Having been traumatized by Ompong, they expressed fear of the reported approaching typhoon Paeng. Aware that they cannot redirect its course, they wrote a plea for it not to take lives again or destroy their houses. There were those who were ambivalent about the role of mining in the disaster. “Dahil sa pagmimina kaya naglandslide. Kung mawawala na ang pagmimina, paano na ang trabaho ng magulang namin?” When asked to verbally share their insights about the tragedy, a cheerful boy volunteered, “Kung mawawala na ang pagmimina, pwede na tayong magtanim, para meron tayong makakain.”

Children being children, they have dreams for Loacan and the days ahead.

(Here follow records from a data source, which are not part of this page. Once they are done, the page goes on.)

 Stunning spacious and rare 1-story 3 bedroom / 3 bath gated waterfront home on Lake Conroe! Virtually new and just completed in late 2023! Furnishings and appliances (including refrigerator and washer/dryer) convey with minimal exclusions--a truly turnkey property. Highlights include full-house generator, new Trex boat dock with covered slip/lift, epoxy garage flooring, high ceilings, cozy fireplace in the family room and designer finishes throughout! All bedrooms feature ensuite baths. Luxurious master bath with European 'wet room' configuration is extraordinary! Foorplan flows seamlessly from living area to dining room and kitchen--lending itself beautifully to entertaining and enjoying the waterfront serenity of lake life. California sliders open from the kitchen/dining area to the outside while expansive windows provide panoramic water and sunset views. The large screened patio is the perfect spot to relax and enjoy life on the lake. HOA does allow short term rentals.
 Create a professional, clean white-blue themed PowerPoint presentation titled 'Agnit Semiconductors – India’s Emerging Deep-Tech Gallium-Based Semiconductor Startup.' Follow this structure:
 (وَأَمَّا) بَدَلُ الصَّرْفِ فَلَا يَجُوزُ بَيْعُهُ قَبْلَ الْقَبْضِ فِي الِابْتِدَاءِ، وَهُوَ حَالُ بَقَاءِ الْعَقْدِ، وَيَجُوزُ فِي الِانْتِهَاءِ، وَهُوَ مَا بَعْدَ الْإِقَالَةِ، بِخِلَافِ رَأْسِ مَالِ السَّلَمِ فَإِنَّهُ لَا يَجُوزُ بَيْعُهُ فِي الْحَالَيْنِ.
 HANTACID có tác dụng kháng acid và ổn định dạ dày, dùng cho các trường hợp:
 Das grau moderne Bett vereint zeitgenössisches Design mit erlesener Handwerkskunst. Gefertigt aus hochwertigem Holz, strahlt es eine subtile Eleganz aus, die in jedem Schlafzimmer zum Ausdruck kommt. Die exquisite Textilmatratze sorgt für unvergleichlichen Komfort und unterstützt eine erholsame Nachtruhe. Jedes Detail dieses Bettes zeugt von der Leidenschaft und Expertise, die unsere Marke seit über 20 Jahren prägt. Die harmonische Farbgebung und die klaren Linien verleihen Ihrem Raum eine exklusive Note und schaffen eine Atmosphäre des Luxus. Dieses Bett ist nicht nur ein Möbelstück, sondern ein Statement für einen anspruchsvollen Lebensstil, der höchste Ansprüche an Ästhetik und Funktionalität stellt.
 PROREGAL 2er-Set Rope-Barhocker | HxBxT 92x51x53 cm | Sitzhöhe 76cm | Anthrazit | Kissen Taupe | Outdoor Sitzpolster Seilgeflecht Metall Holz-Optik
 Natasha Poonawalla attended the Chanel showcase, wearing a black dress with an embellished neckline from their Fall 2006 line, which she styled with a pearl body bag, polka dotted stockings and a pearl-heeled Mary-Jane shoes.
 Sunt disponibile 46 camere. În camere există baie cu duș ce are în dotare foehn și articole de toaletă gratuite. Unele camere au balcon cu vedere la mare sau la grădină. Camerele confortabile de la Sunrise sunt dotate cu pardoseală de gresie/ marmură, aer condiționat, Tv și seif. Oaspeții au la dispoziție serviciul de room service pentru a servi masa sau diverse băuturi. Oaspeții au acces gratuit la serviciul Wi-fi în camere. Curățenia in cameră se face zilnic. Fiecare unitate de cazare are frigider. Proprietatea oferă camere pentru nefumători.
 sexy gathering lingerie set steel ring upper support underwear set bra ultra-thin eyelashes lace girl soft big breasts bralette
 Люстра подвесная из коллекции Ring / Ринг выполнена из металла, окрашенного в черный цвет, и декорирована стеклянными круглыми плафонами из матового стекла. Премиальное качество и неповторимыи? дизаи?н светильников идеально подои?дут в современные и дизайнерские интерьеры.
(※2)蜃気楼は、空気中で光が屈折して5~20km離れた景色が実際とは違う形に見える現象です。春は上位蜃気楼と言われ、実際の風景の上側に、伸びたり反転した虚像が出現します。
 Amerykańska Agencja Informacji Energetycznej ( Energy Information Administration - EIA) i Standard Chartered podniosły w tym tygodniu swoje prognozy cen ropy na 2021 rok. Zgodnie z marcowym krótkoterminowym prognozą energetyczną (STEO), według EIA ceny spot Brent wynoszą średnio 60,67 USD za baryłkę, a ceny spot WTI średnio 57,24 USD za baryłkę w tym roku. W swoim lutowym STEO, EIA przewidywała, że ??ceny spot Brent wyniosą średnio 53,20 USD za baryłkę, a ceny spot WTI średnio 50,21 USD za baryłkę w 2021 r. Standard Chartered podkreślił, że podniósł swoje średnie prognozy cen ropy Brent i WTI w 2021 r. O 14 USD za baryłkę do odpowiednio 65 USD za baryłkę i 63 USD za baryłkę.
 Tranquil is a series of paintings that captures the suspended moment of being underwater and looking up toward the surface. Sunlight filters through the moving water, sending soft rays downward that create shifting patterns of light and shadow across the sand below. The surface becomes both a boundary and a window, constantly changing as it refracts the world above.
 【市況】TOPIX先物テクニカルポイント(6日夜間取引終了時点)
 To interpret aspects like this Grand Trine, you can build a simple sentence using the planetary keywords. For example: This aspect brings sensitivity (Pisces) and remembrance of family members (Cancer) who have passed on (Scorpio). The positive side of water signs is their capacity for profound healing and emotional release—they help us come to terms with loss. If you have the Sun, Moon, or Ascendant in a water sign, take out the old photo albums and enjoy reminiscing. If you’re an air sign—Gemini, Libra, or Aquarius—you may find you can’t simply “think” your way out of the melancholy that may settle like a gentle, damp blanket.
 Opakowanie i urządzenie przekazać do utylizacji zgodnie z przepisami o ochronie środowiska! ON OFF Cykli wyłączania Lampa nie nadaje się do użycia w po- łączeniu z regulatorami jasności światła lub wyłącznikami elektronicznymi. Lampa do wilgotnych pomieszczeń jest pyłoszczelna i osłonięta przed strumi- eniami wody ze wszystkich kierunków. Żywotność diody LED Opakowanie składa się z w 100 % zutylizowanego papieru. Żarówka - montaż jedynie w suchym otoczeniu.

They wrote of wisdom that we can learn from.

“Ang gusto kong mangyari dito sa Loacan ay sana maayos na yong mga bahay na nasira,maging alerto kapag may susunod na bagyo, maging maayos ang kapaligiran, magtipid na dahil wala na ang pagtratrabahohan dahil inestop mona ang pagmimina pansamantala at sa kapayapaan, sana mahanapan nila yong pinsan ng aking nanay. Sana mawalan na ng takot o lungkot ang aking mga magulang.” (Klouie, 10 yrs. old)

Time and attention must be given the children. Though distraught, they are coping with the huge changes in their homes. Their parents, teachers and community officials must heed signs of post-traumatic stress disorder (PTSD) that may manifest in various ways. There are continuing nightmares they have to grapple with caused by external causes they were not responsible nor accountable for. Their teachers who are in daily engagement with them have to be equipped with basic psychosocial skills to deal with these manifestations. Most importantly, this is the time to listen to the children’s plea: to get the community on its feet again, for the Loacan residents to be more nurturing of their environment, and to be prepared and alert for any impending disaster.

The usual road to Loakan may take long to recover or may even be totally diverted or rerouted, the children know this. But what they look forward to is a way out of the devastation, a restoration of normalcy and a sense of security.#

(In coordination with the Serve the People Brigade, the facilitators of the psychosocial workshop and art therapy conducted in Loacan Elementary School last Sept. 27, 2018, were staff of the Cordillera Women’s Education, Action and Research Center (CWEARC), the St. Louis University School of Nursing, and members of Tuklas Innovation Project and Sulong Likha of the Dap-ayan ti Kultura iti Kordilyera (DKK).